Рука с песочницей над листом и остановилась. Через минуту я засыпал бы написанное, утром отдал бы Одинцову переписывать набело, и вышла бы лучшая бумага за всю мою войну. Я ссыпал песок обратно в песочницу. Лист разорвал — сперва вдоль, потом поперёк, — и обрывки легли в корзину поверх первых.
Третий лист я порвал на словах «умелым манёвром вышел из-под огня»: манёвр состоял в том, что Огарёв пошёл на прожектор в лоб, и слово «умелый» лежало на этом, как лак на ожоге. Бумага рвалась громко; вахтенный за дверью, наверное, решил, что командир не в духе. Командир был в духе. Командир учился писать.
На четвёртый раз я стал писать не порядок, а то, что было. Что смены шли на двенадцати узлах, потому что на четырнадцати труба искрит, — и что цифру эту дивизион добыл из осени, из ночей у Эллиотов, из сожжённого угля. Что резервную смену я не пускал в дело дважды и пустил в третий раз, когда голов на воде стало больше, чем выбросок. И что «Бравый» погиб не от чужой торпеды и не от чужого гения — от дейдвудного подшипника, который ждал дока с мая, а дока не дождался, потому что в мае его очередь ушла на ремонт «Смелого» после навала. После моего навала — так и написал, в родительном падеже, с фамилией виновника: фамилия совпадала с подписью внизу листа.
* * *
К реляции прилагались представления. Три листа фамилий.

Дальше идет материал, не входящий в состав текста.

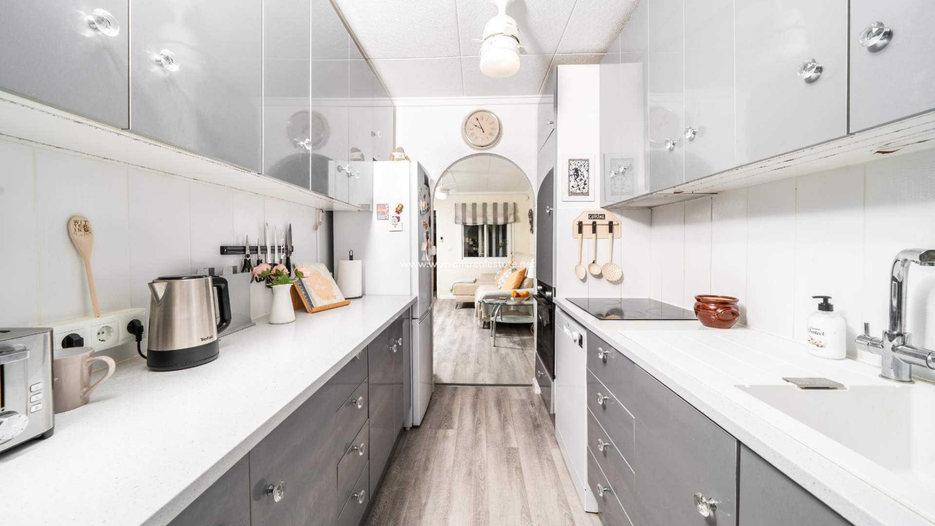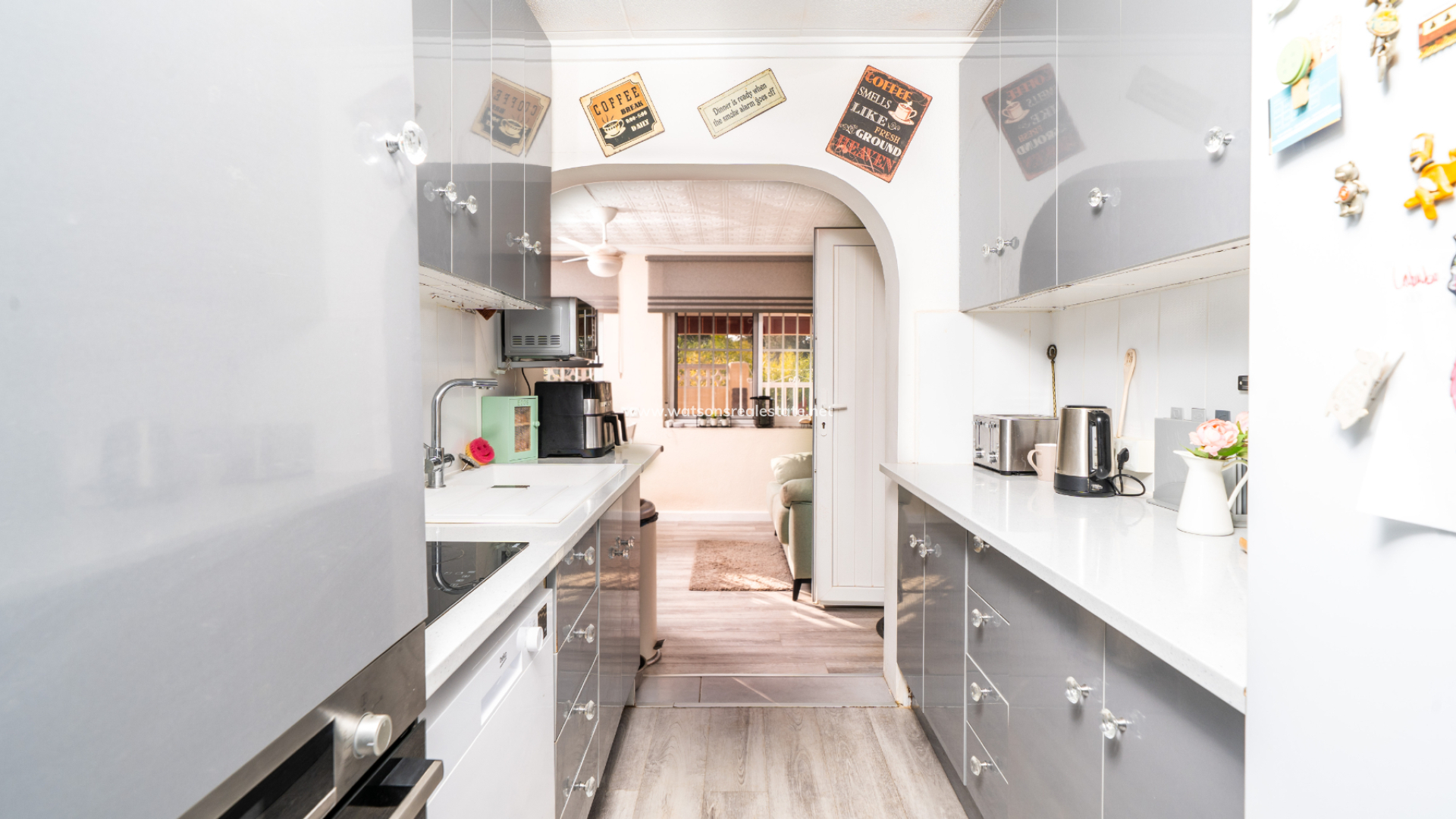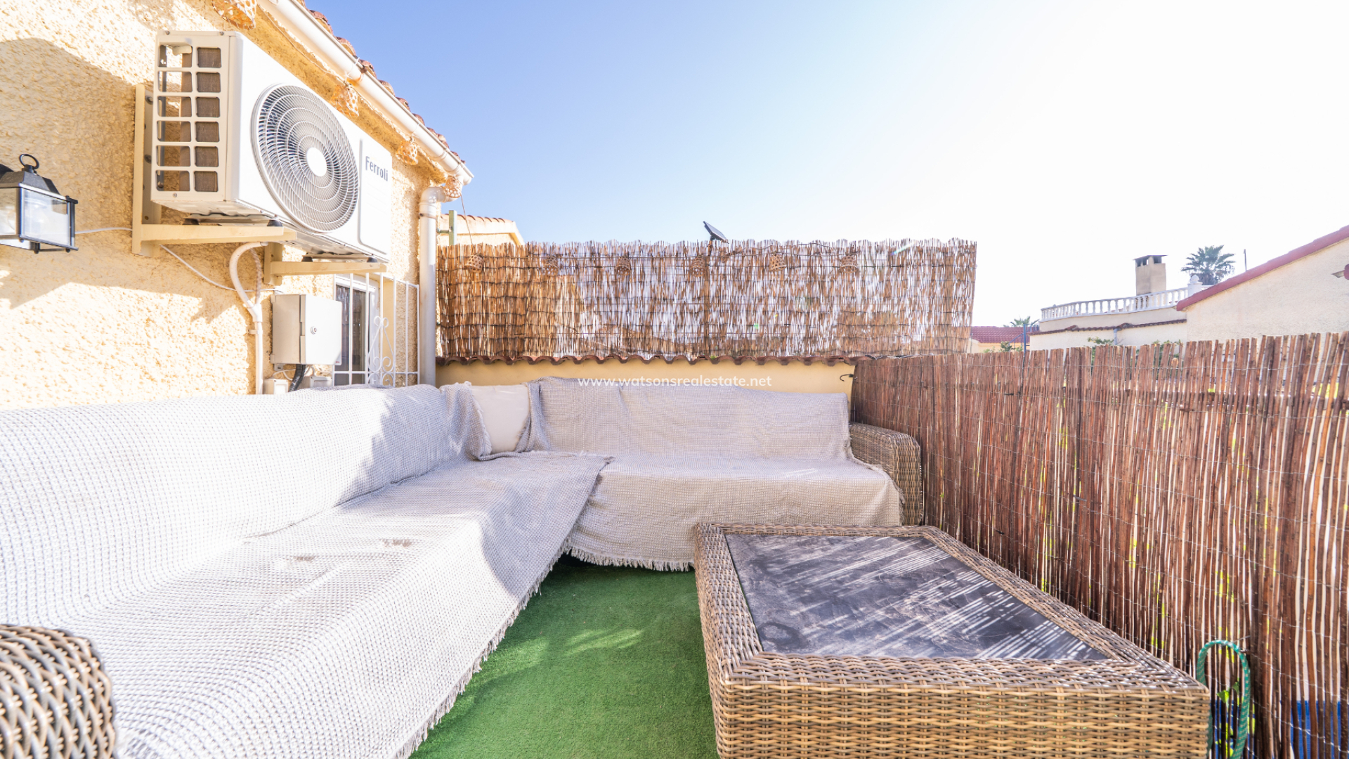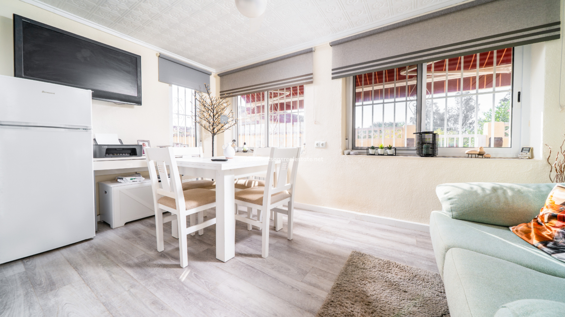 Binnen komt de woning uit op een glazen entreeportiek die leidt naar een lichte, comfortabele woonkamer. De nieuw geplaatste moderne keuken is zowel stijlvol als functioneel, aangevuld met een extra woon-/eetkamer. De ruime hoofdslaapkamer met airconditioning en plafondventilator beschikt ook over spiegelde inbouwkasten, een extra opbergkast / kledingkast en een grote en-suite badkamer met een inloopdouche. De tweede slaapkamer heeft toegang tot een veelzijdige kamer die gemakkelijk kan worden gebruikt als kleedkamer, hobbyruimte of opslag (deze wordt momenteel gebruikt als gastenverblijf). Het interieur van deze prachtige villa wordt gecompleteerd door een eigentijdse familiebadkamer met een hoek-inloopdouche.

Сизов — за две атаки без промаха. Одинцов — за дорожку проблесков, приведшую к цели. Гаврилов — за штурвал. Дальше шли боцманы, комендоры, кочегары, гребцы спасательных шлюпок. Фамилия, тире, за что.

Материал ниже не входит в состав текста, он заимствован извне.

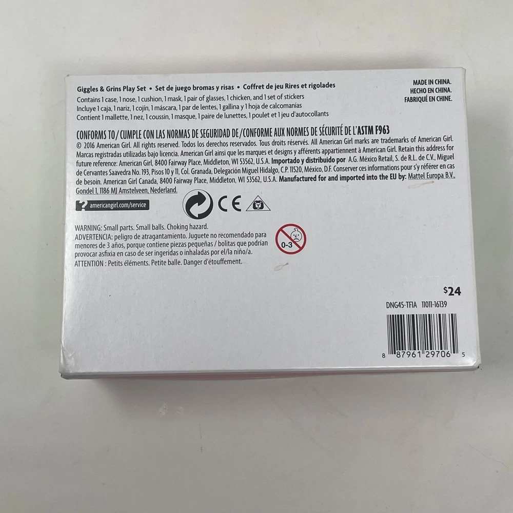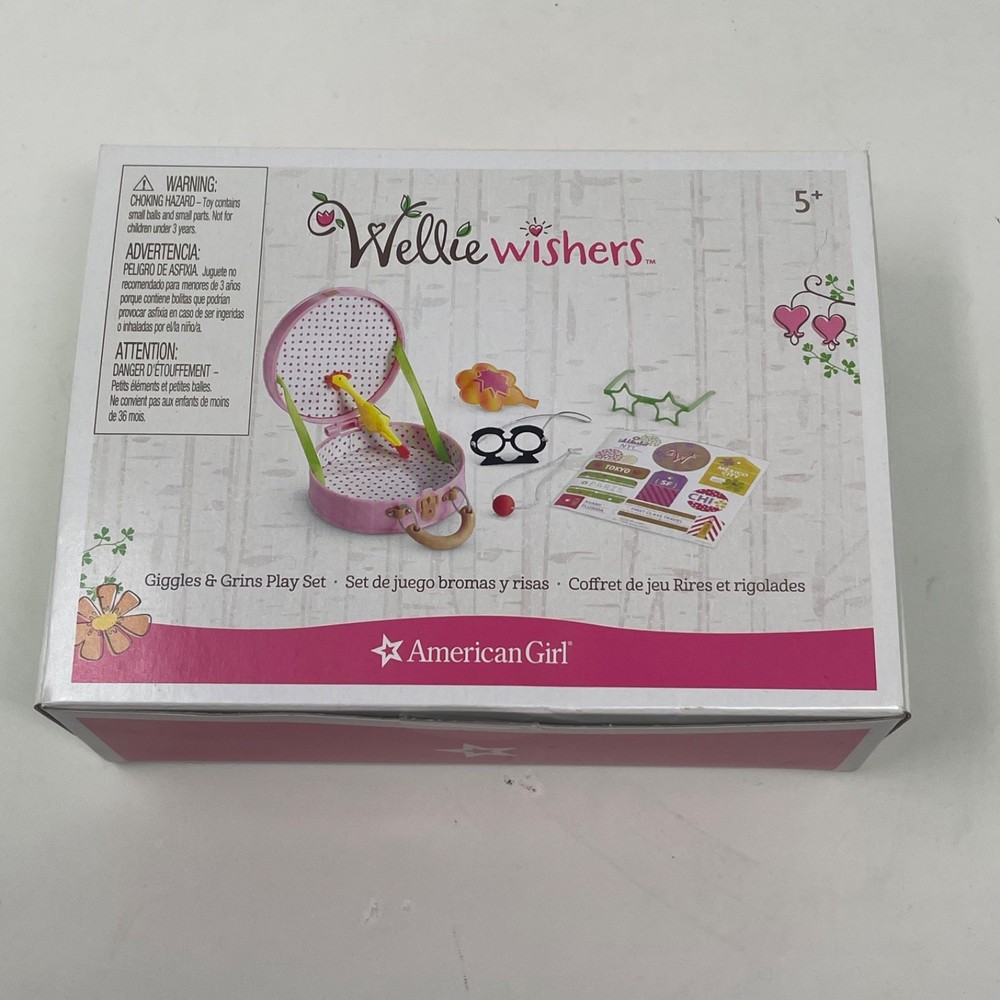 American Girl Doll Wellie Wishers "Giggles and Grins" Play Set Released - 2016 Retired - 2018 "Giggles and Grins" Play Set in Original Box!!! Includes: Original Box, Mask, Clown Nose, Prank Cushion, Rubber Chicken, Glasses and Travel Case. Set is complete and in excellent condition. Please refer to the images as they are part of the description. Feel free to contact me with any questions. Doll Not Included

Старший офицер деликатно покашлял.
— Виноват, Андрей Николаевич. Наградная норма соединения.
Он положил бумагу на угол стола. Я дочитал и вернулся к листам. Фамилий было больше.
— Насколько больше?
— Заметно.
Он подождал и сказал то, чего я не знал:
— Вычёркивать будут не по заслугам. С хвоста.
Я поднял глаза.
— С конца списка?
— С конца. Считают снизу вверх, пока не упрутся в норму.
Внизу у меня стояли кочегары и гребцы. Наверху — Сизов и Одинцов.
— Эти пройдут в любом порядке, — сказал я. — За Сизова говорят две атаки без промаха.
— Не по заслугам, Андрей Николаевич. — Старший офицер смотрел на листы, а не на меня. — Я вам это сказал минуту назад. Считают строки.
Я приложил норму к листу. Черта ложилась поперёк списка: всё, что ниже неё, уходило. Сейчас под чертой стояли кочегары. Стоило перевернуть список — под чертой оказывался Сизов.
Я взял чистый лист.
Кочегаров поставил первыми, за ними гребцов. На фамилии Сизова перо стало. Спросить было можно: он сидел через две переборки, пил чай — и ответил бы «как прикажете, Андрей Николаевич». Ответ я знал наперёд, потому и не пошёл спрашивать. Сизова сдвинул вниз, Одинцова — ещё ниже. Работа заняла четверть часа. Тот же список, другой порядок строк.
Старший офицер стоял рядом и смотрел, как я это делаю. Не сказал ничего. Отобрал промокательную бумагу, подал свежую.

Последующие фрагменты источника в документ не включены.